What happens without Backpressure? * Stage A starts fast. Every 1 second, it finishes 2 uploads and pushes them to Stage B. * Stage B can only process 50 jobs at a time. The rest (950 jobs) sit in its queue. * The Trap: Since Stage A doesn't know Stage B is full, it keeps uploading. After 10 minutes, Stage A has finished uploading all 1000 files. * The Disaster: You now have 1000 active jobs on OpenAI, but you only have 50 workers monitoring them. This means 950 jobs are being processed by OpenAI but are NOT being monitored by your pipeline while they sit in the queue. If they fail or finish, you won't know until a worker frees up, potentially hours later.
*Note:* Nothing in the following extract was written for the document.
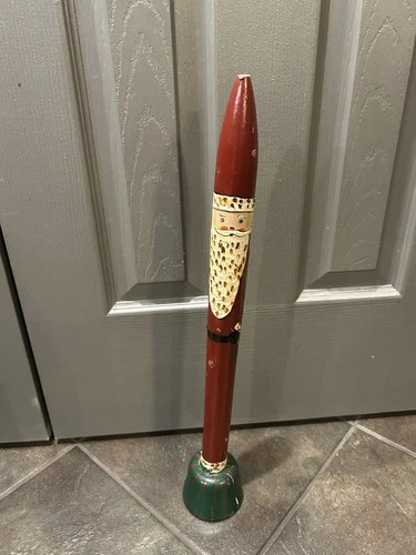 Vintage Pencil Santa Figure Folk Art Christmas 9 3/4 Carved Wood Hand Painted

This is a "Firehose": A fast stage drowning a slow stage because there is no way to say "Stop, I'm full!".
Automatic Backpressure (Smart Limits)¶
As of version 0.6.1, AntFlow implements Smart Internal Limits for all stage queues.
- How it works: Each stage has a limited input queue size. The default limit is
max(1, workers * 10). - Example: A stage with 5 workers allows ~50 items to be queued waiting for processing.
- Effect: If a stage is slow, its input queue fills up. Once full, the previous stage (or the
feed()call) is blocked from adding more items until space clears up. - Benefit: This automatically propagates backpressure upstream, preventing memory exhaustion and regulating flow without manual configuration.
Customizing Limits:
You can override this behavior using the queue_capacity parameter:
Basic Usage¶
Creating a Simple Pipeline¶
import asyncio
from antflow import Pipeline, Stage
async def fetch(x):
await asyncio.sleep(0.1)
return f"data_{x}"
async def main():
stage = Stage(name="Fetch", workers=3, tasks=[fetch])
pipeline = Pipeline(stages=[stage])
results = await pipeline.run(range(10), progress=True)
print(f"Results: {len(results)} items")
if __name__ == "__main__":
asyncio.run(main())
Interactive Execution¶
For more control, you can split execution into start, feed, and join steps. This allows you to inject items dynamically while the pipeline is running:
# Start background workers
await pipeline.start()
# Feed initial batch to first stage (default)
await pipeline.feed(batch_1)
# Do other work...
# Inject items directly into a specific stage (e.g., resuming from a checkpoint)
# This item will skip previous stages and start processing at 'ProcessStage'
await pipeline.feed(recovered_items, target_stage="ProcessStage")
# Wait for completion
await pipeline.join()
# Access results
print(pipeline.results)
Multiple Tasks per Stage¶
A stage can have multiple tasks that execute sequentially for each item:
import asyncio
from antflow import Pipeline, Stage
async def validate(x):
if x < 0:
raise ValueError("Negative value")
return x
async def transform(x):
return x * 2
async def format_output(x):
return f"Result: {x}"
stage = Stage(
name="ProcessStage",
workers=3,
tasks=[validate, transform, format_output]
)
pipeline = Pipeline(stages=[stage])
results = await pipeline.run(range(10))
Retry Strategies¶
Per-Task Retry¶
Each task retries independently using tenacity:
from antflow import Stage
stage = Stage(
name="FetchStage",
workers=5,
tasks=[fetch_from_api],
retry="per_task",
task_attempts=3,
task_wait_seconds=1.0
)
task_attempts: Maximum retry attempts per tasktask_wait_seconds: Wait time between retries
If a task fails after all retries, the stage fails for that item.
Per-Stage Retry¶
The entire stage (all tasks) retries on any failure:
from antflow import Stage
stage = Stage(
name="TransactionStage",
workers=2,
tasks=[begin_transaction, update_db, commit],
retry="per_stage",
stage_attempts=3
)
stage_attempts: Maximum retry attempts for the entire stage
If any task fails, the item is re-queued at the beginning of the stage.
When to Use Which¶
Per-Task Retry: - Independent tasks that can fail separately - Fine-grained retry control - Tasks with different failure modes
Per-Stage Retry: - Transactional operations - Tasks with dependencies - All-or-nothing processing
Status Tracking¶
Track items in real-time as they flow through the pipeline with StatusTracker.
Basic Status Tracking¶
from antflow import Pipeline, Stage, StatusTracker
tracker = StatusTracker()
stage = Stage(
name="ProcessStage",
workers=3,
tasks=[my_task]
)
pipeline = Pipeline(stages=[stage], status_tracker=tracker)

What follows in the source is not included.